Lines from the one with "A7. 사전 로그인, 결제수단" up to and including the one with "녹색소비자연대·참여연대를 비롯한 6개" are to be copied exactly from the records below, without their pictures.

— SUPPLIED INFORMATION —
####

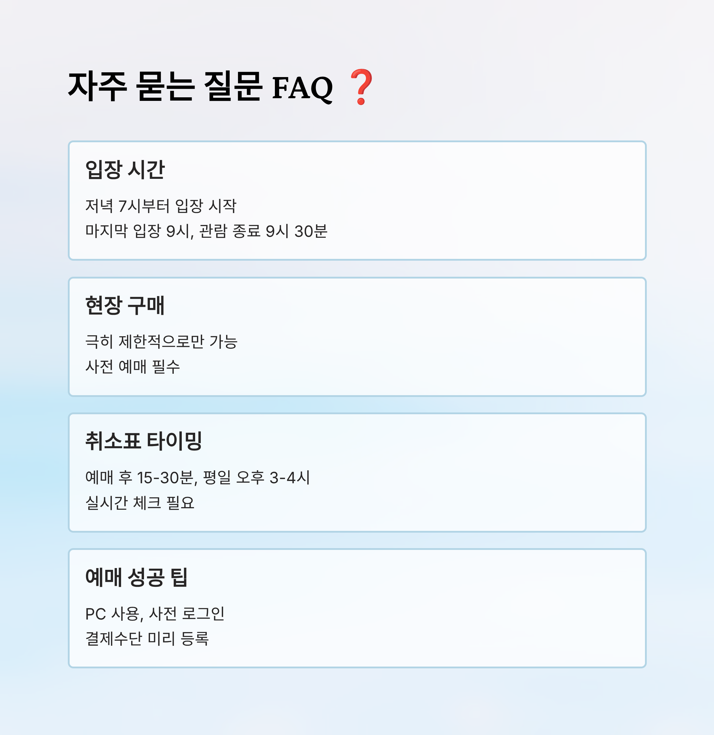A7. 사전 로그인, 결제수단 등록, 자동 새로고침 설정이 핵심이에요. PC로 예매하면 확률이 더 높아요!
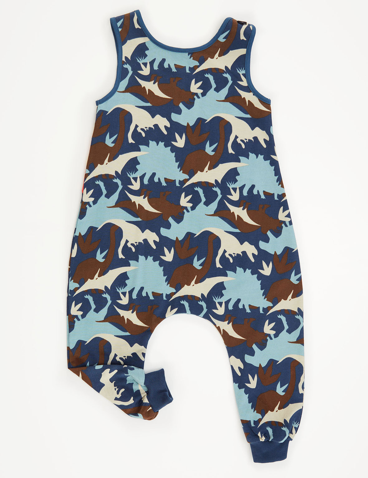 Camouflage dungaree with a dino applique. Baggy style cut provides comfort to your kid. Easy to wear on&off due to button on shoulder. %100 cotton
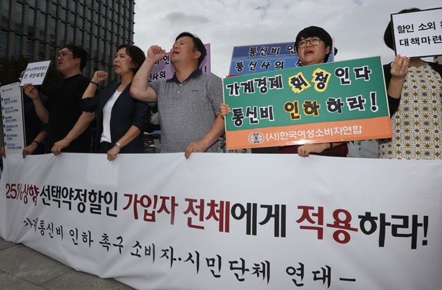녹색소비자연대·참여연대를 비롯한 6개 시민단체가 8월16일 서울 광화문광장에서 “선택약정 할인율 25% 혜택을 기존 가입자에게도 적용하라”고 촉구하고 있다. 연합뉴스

####

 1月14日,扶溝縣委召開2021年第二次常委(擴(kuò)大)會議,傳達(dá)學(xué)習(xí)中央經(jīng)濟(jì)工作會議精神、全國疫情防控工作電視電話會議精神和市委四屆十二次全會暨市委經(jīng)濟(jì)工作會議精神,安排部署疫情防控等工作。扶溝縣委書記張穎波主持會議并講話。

####

— RESULT FOR THIS TASK —
A7. 사전 로그인, 결제수단 등록, 자동 새로고침 설정이 핵심이에요. PC로 예매하면 확률이 더 높아요!
 Camouflage dungaree with a dino applique. Baggy style cut provides comfort to your kid. Easy to wear on&off due to button on shoulder. %100 cotton
녹색소비자연대·참여연대를 비롯한 6개 시민단체가 8월16일 서울 광화문광장에서 “선택약정 할인율 25% 혜택을 기존 가입자에게도 적용하라”고 촉구하고 있다. 연합뉴스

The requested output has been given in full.